"I Made a Terrible Mistake...!"

This is what Bernard L. Madoff said when he was sentenced to 150 years imprisonment. His self delusion must have been infectious because the list of other players who also made terrible mistakes in this epic financial tragedy grows longer each day. The recent report by Inspector General David Kotz into the investigation of the SEC's failure to uncover Bernard Madoff's Ponzi scheme shows that, between June 1992 and December 2008 when Madoff was arrested, the SEC received six substantive complaints which, if properly pursued, would likely have led to questions about whether Madoff was actually engaged in trading. Ignoring the complaints or being inept in their investigations, the SEC's failures not only permitted the fraud to be perpetuated for 16 years, but gave Madoff the opportunity to enhance his credibility by boasting that the SEC had conducted examinations and investigations and did not detect fraud! What a series of terrible mistakes!

But using euphemism to describe criminal or negligent conduct as a "terrible mistake" minimizes the genuine mistakes made by others, including, it must be said, those made by the victims of the fraud. Indeed, one could say that there are no victims, only volunteers. While this will attract howls of derision, the truth is that Madoff victims fall into two volunteer categories: those who did not belong in a fund that relied on a split strike conversion strategy, the bedrock of Madoff's allure, and those who should have known better.

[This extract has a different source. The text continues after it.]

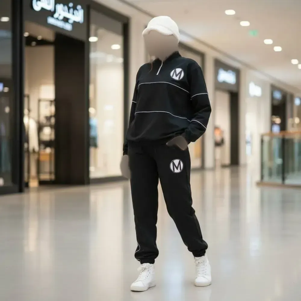 ست سویشرت شلوار زنانه مشکی فری سایز تا 46 جنس گلکسی پنبه با کیفیت عالی

We live in a tough world where fairness is seen with the frequency of a halo and, yes, while there are institutions like the SEC intended to protect us, they sometimes fail, as we now know. So, we must recognize that we have a choice when we invest, and that it is an individual's responsibility to make that choice prudently. Prudent Investment Rule number 1: if you don't understand how your money is put to work, don't invest. Prudent Investment Rule number 2: if it sounds too good to be true, the racing certainty is that it's untrue.

Today, anyone who has accumulated savings knows that there are many investment vehicles to help make one's money grow. Traditional investments such as stocks, bonds, mutual funds, bank deposits and annuities offer the opportunity for diversification and risk and return management, even before considering more complex vehicles. But a split strike conversion strategy? Come on, who's kidding whom? For an unsophisticated investor, that's a terrible mistake! It's a strategy that involves writing an out-of-the-money call around a stock you own and using the proceeds to buy a protective put. Even a pro has to analyze, model and validate that strategy before writing a check.

Of course, many investors do rely on investment advisors. In that case, Madoff clients will have recourse against their advisors for breach of fiduciary duty, but media portrayal suggests that most Madoff investors lost everything and will have only their claim in bankruptcy as recourse, i.e., no claim against an advisor. It's a mistake for unsophisticated investors to choose complex investment strategies without competent advice!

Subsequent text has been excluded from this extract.